Investigators around the world also joined the effort to identify the 11 boys and find site administrators. The United States’ Homeland Security Investigations (HSI) identified the website IP address and worked on establishing potential links to the United States.

Bulgaria’s Cybercrime Department at the General Directorate Combating Organized Crime, supported by Europol, took down the website’s servers. The Department of Internal Affairs in New Zealand deconflicted intelligence and compiled information packages on website users for INTERPOL member countries. The US National Center for Missing and Exploited Children cross-checked e-mail addresses and provided additional intelligence. The Australian Federal Police (AFP) and South Australian Police came on board when an IP address pointed to a location in Adelaide.


In November 2017, the first victims were identified, leading to simultaneous arrests in Thailand and Australia two months later.

The website’s main administrator, based in Thailand, was identified as Montri Salangam. He was the man seen abusing the 11 boys, one of whom was his nephew. The children had been lured to Salangam’s home with meals, internet access and football games.
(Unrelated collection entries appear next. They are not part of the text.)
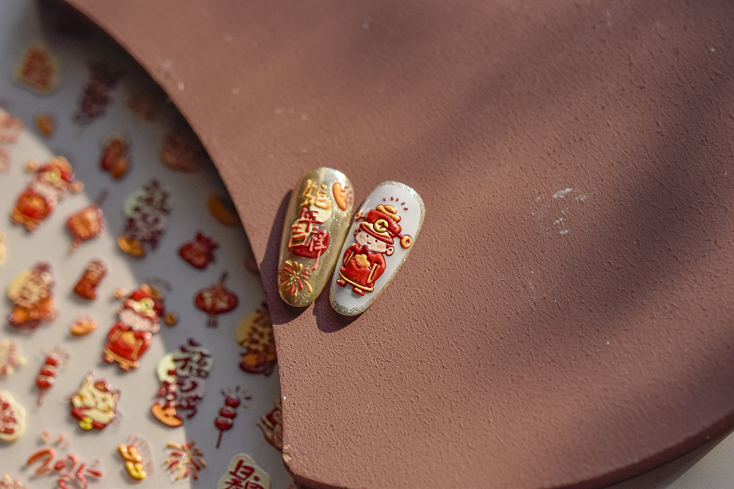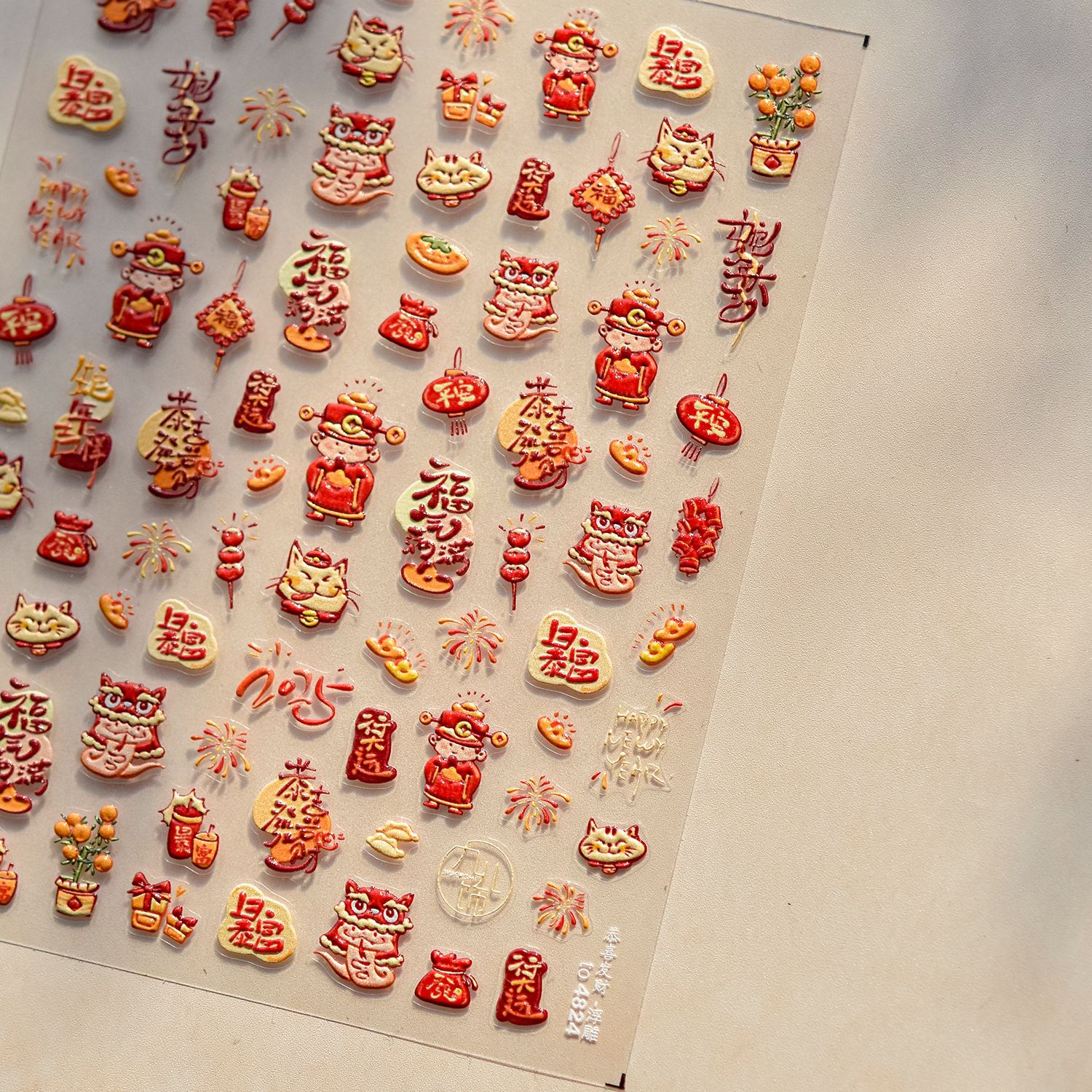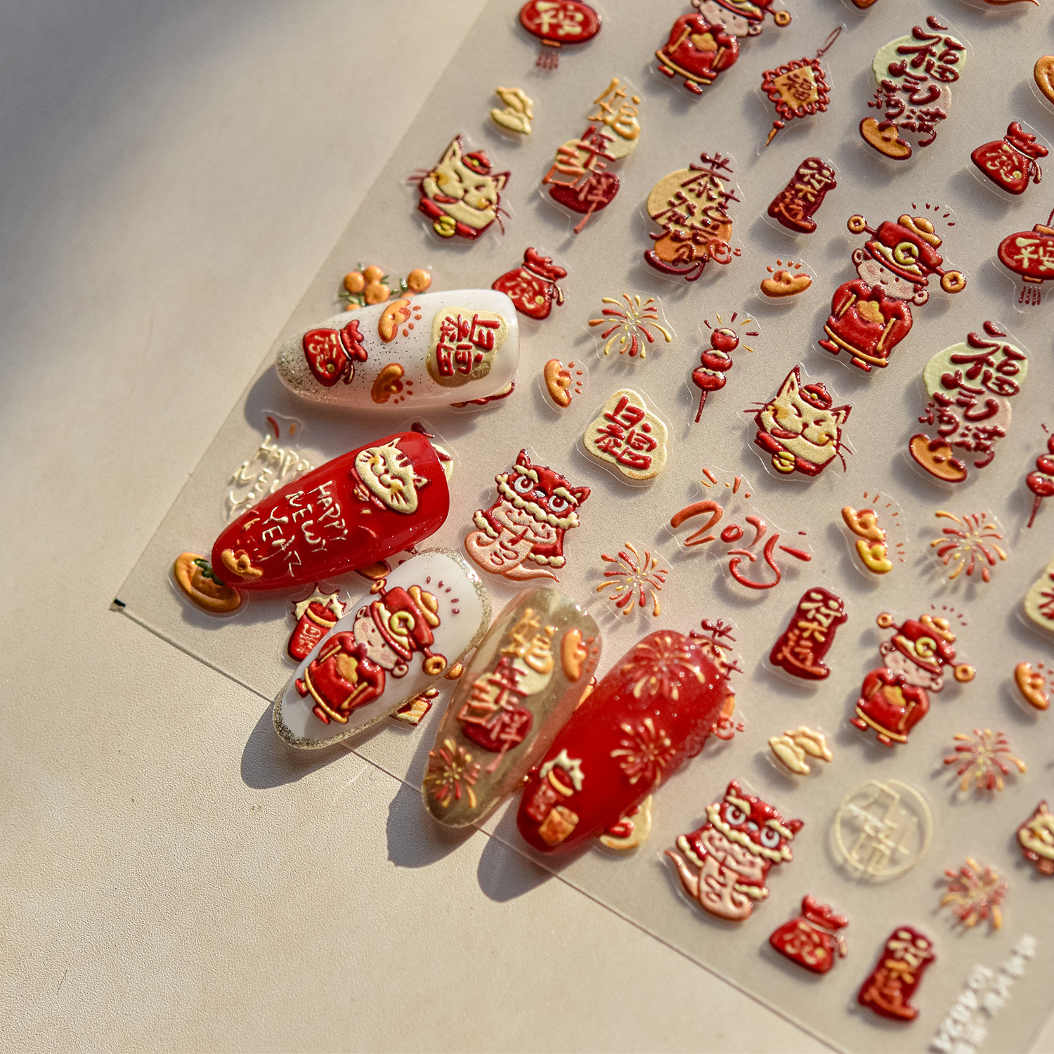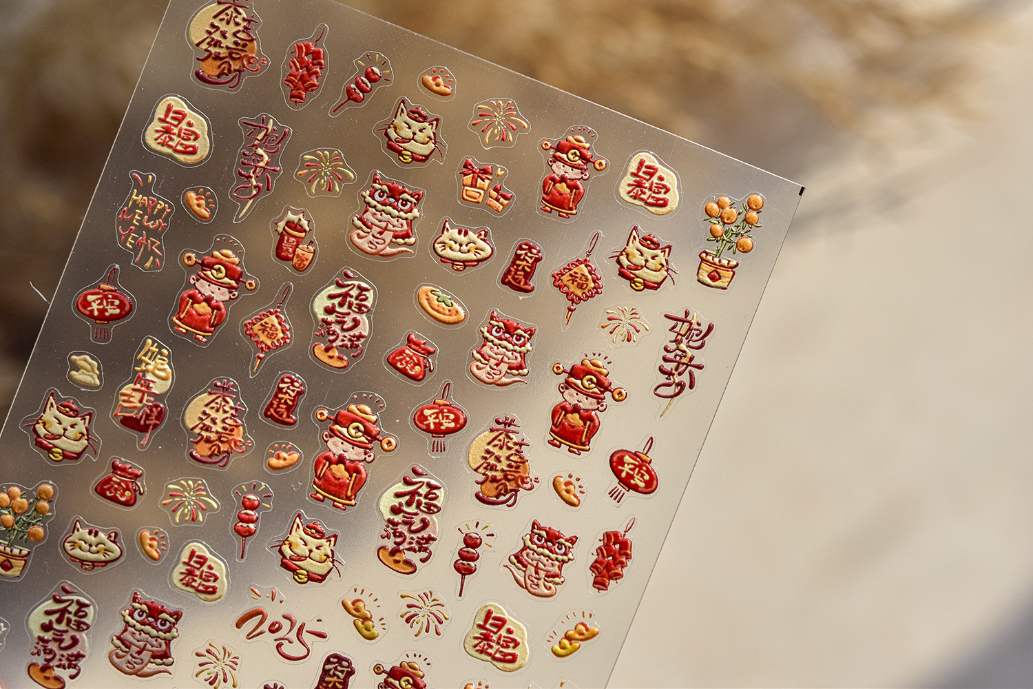 Tomoni 금속 네일 아트 스티커 폭발 Diy 일본 문구 네일 스티커 Lucky Koi 새해 네일 아트 스티커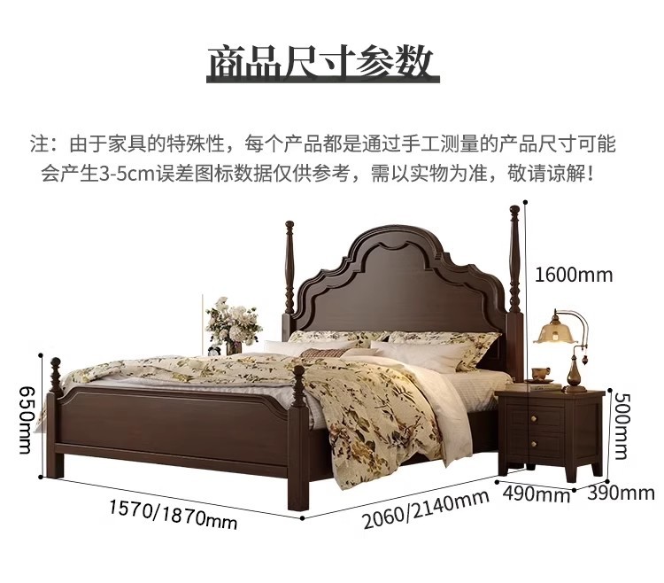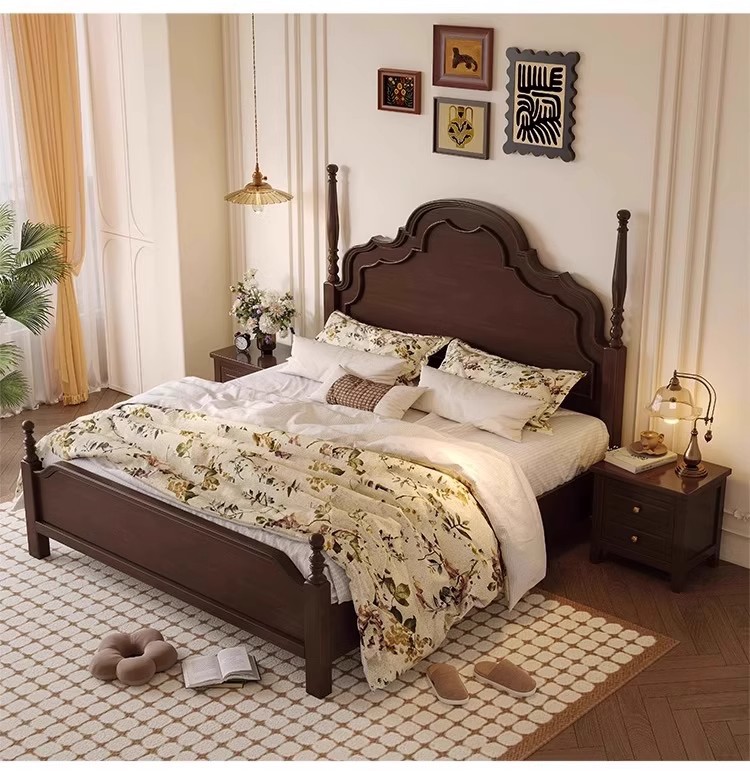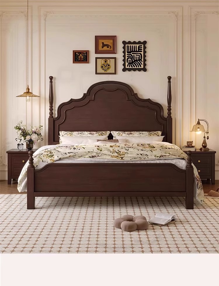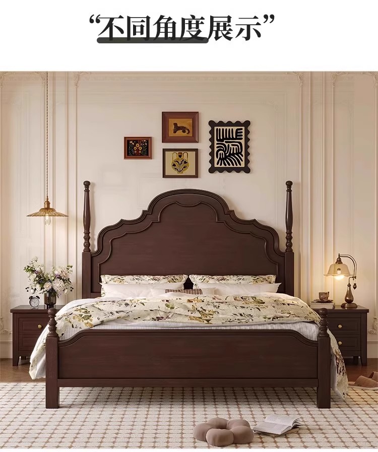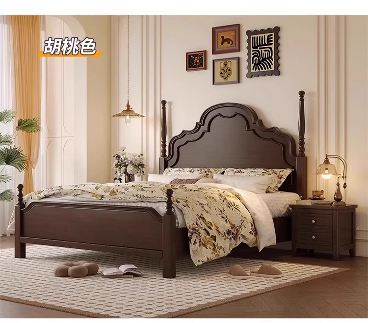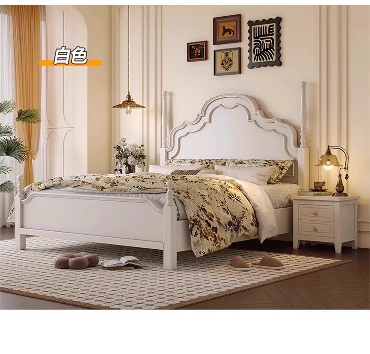 미국식 원목 침대 1.95m 중세풍 마스터 침실 더블 침대 안나 침대 프랑스식 고급 수납형 웨딩 침대 b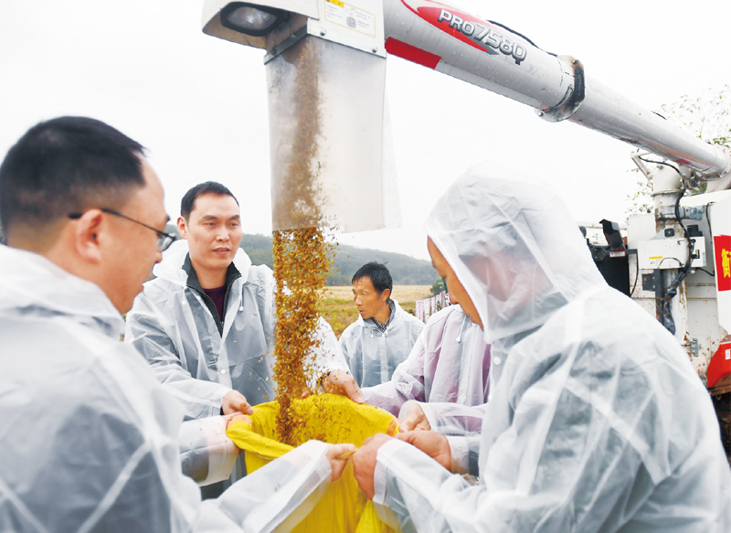 2020年11月2日,湖南衡南雙季晚稻試驗示范基地傳來消息:由袁隆平院士團隊培育的第三代雜交水稻“叁優一號”測產結果公布,雙季畝產突破1500公斤。圖為當日工作人員將稻谷裝袋。 新華社記者 陳澤國/攝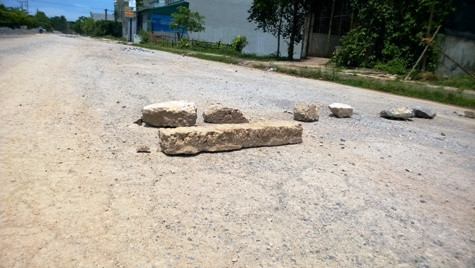 Để hạn chế xe quá tải lưu thông, nhiều hộ dân đã đem gạch đá, chắn ngang đường |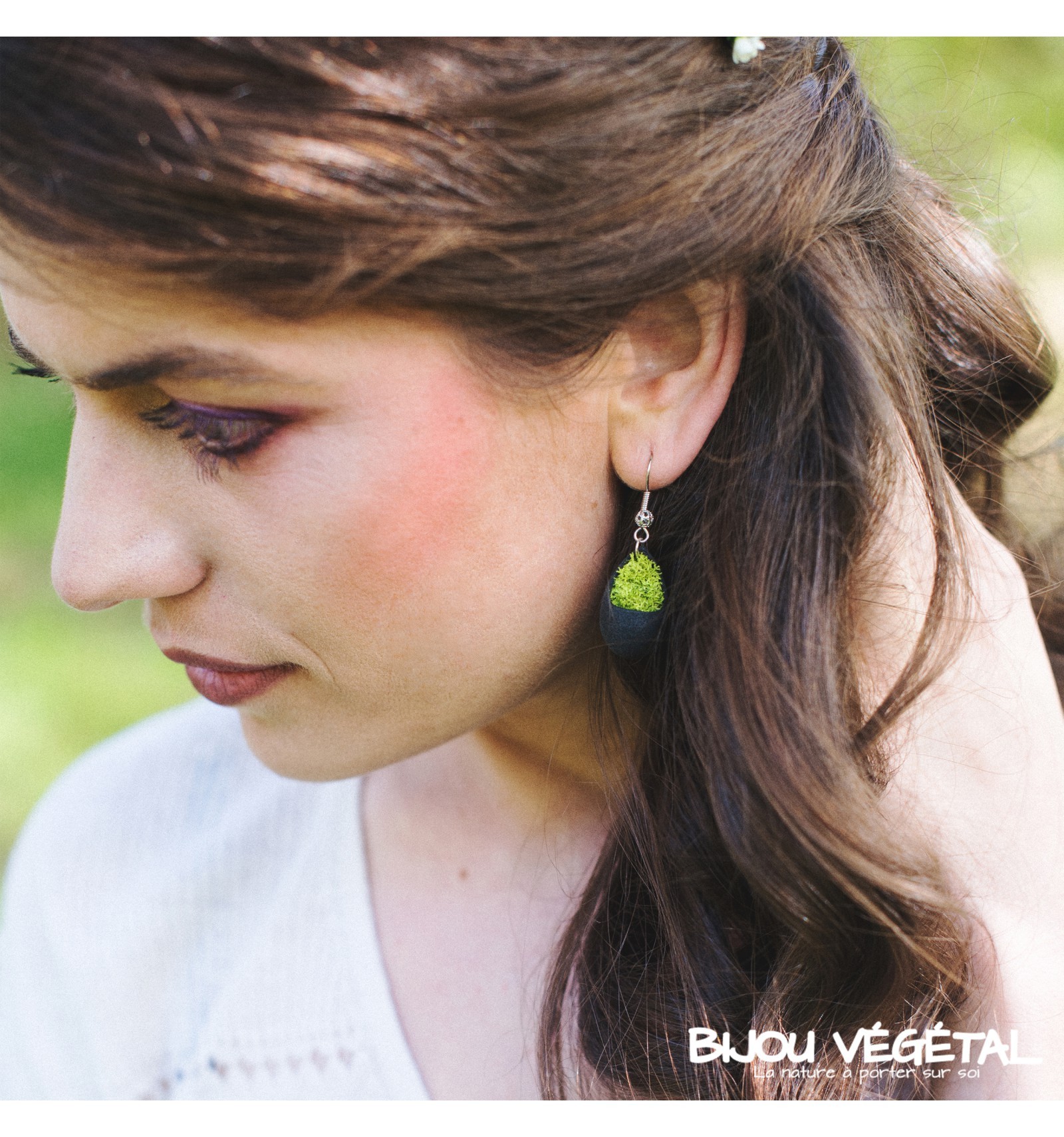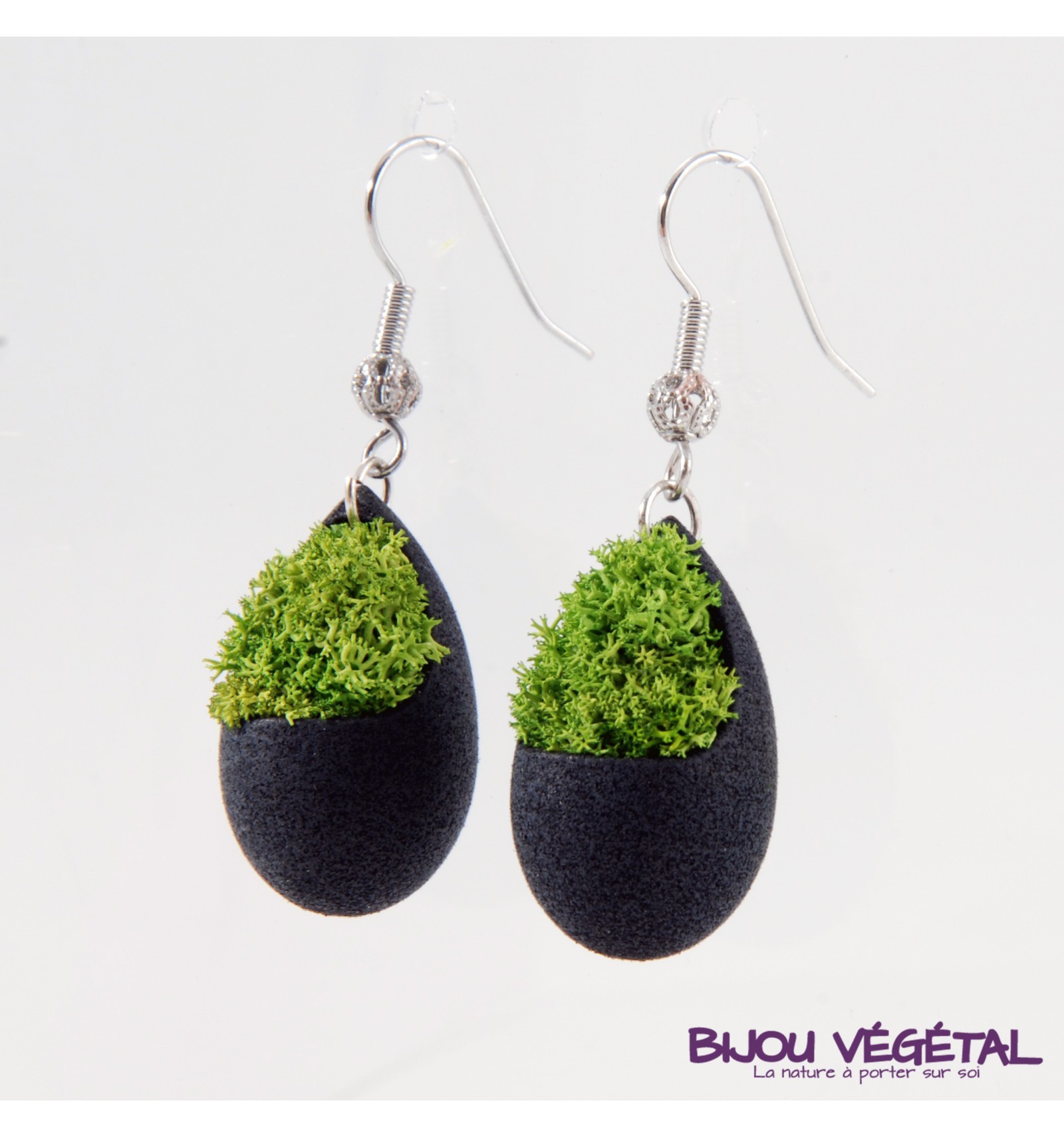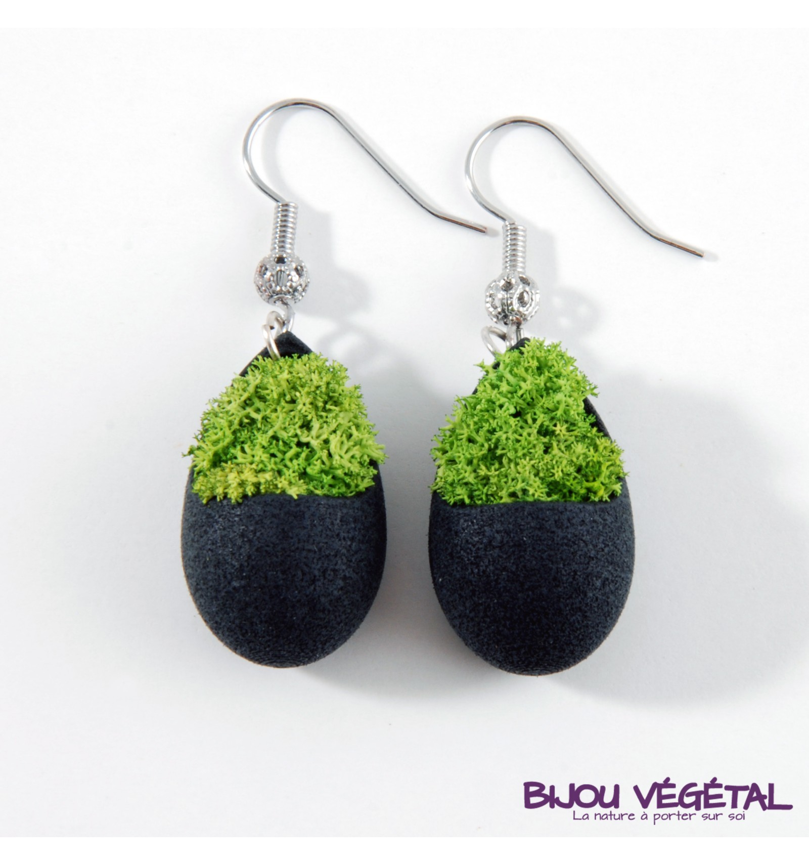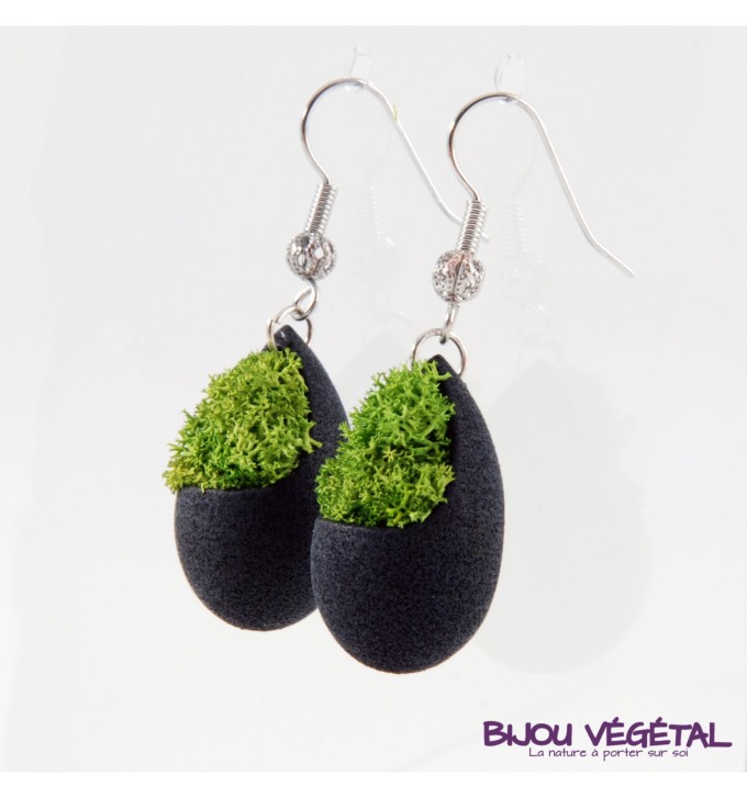 Živé šperky - Náušnice Slza černé s lišejníkem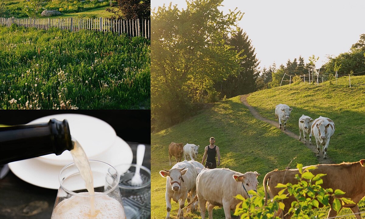 Im Mittelpunkt steht die Mutterkuhhaltung mit der hochgefährdeten Rinderrasse Waldviertler Blondvieh aus der Arche des Geschmacks, die hier in Alleinlage mit Blick auf die Alpen gehalten wird. Neben den Tieren erwarten die Besucher:innen Streuobstwiesen voller alter Apfel- und Birnensorten – ein lebendiger Schatz an Biodiversität. Ergänzt wird dies durch ein zukunftsweisendes Agroforst-System: Baumweiden mit Edelkastanien, Walnüssen und Quitten, die Schatten spenden und neue Vielfalt schaffen.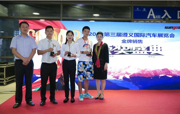 本次車展舉辦的金牌銷售評選活動,受到了各汽車廠商的高度重視。他們默默無聞奮斗在一線;他們以專業和專注為客戶服務,他們是一群充滿斗志和熱情的最美銷售。共36位銷售代表參與進來,經過20天的激烈角逐,累計總投票數達206656票,最終誕生了3位遵義人心目中的最美銷代,上汽通用五菱-遵義良駒銷售蔣斌鑫、寶馬-遵義寶源銷售馮小利、上汽斯柯達-遵義眾鑫匯銷售吳可松分獲了本次活動的冠亞季軍,尚格會展股份有限公司總經理任麗紅女士、貴陽尚格會展服務有限公司總經理李楊先生為他們分別頒發了獎項。2018遵義國際車展的金牌銷售,在車展為市民購車保駕護航,待消費者賓至如歸!

A second administrator, Ruecha Tokputza, was based in Australia. Police found thousands of images taken in both Thailand and Australia on his seized devices, some of which featured Tokputza as the main abuser. The youngest identified during the recent South Australian court proceedings was just 15 months old.

Just the Beginning

The website and its administrators sparked a series of investigations around the world, leading to further arrests in Thailand, Australia and the United States. As police in nearly 60 countries examine referrals compiled by New Zealand, more arrests and rescues are expected.

Although police have removed 50 victims from harm, they believe an additional 100 more children have suffered abuse, and are currently working to identify those victims. To this end, all of the images and videos seized have been uploaded to INTERPOL’s International Child Sexual Exploitation database.

Verdicts Send a Strong Signal

In June 2018, Thai courts sentenced Salangam to 146 years in prison on charges of child rape, human trafficking, possession and distribution of child sexual abuse material.

A second man, a nursery school teacher close to Tokputza, received 36 years in prison on the same charges.

On 17 May 2019, an Australian judge sentenced Tokputza to 40 years and three months in prison, the longest sentence ever imposed in Australia for child sex offences. The judge referred to Tokputza as ‘every child’s worst nightmare’ and ‘every parent’s horror’ for his offending.

INTERPOL Secretary General Jürgen Stock welcomed the successful prosecutions and applauded the massive international effort required.

“Operation Blackwrist sends a clear message to those abusing children, producing child sexual exploitation material and sharing the images online: We see you, and you will be brought to justice.

“Every child abuse image is evidence of a crime and INTERPOL will always provide its full support to officers on the ground to help identify and rescue victims around the world,” added the INTERPOL Chief.

“We see you, and you will be brought to justice.”

“These efforts have already resulted in numerous arrests in the United States to include individuals occupying positions of public trust. We are proud to be a part of these international efforts,” said HSI Bangkok Regional Attaché Eric McLoughlin.

AFP Detective Superintendent Stephen Fry, Acting Manager Asia, also highlighted the importance of international collaboration in stamping out the creation and sharing of child exploitation material.

“The production and distribution of this abhorrent content is largely driven by networks that are transnational in nature,” Detective Superintendent Fry said. “This is why the holistic, sophisticated and collaborative responses from Australian authorities and our international partners is so vital. I am pleased that results like this only strengthen our relationships into the future.”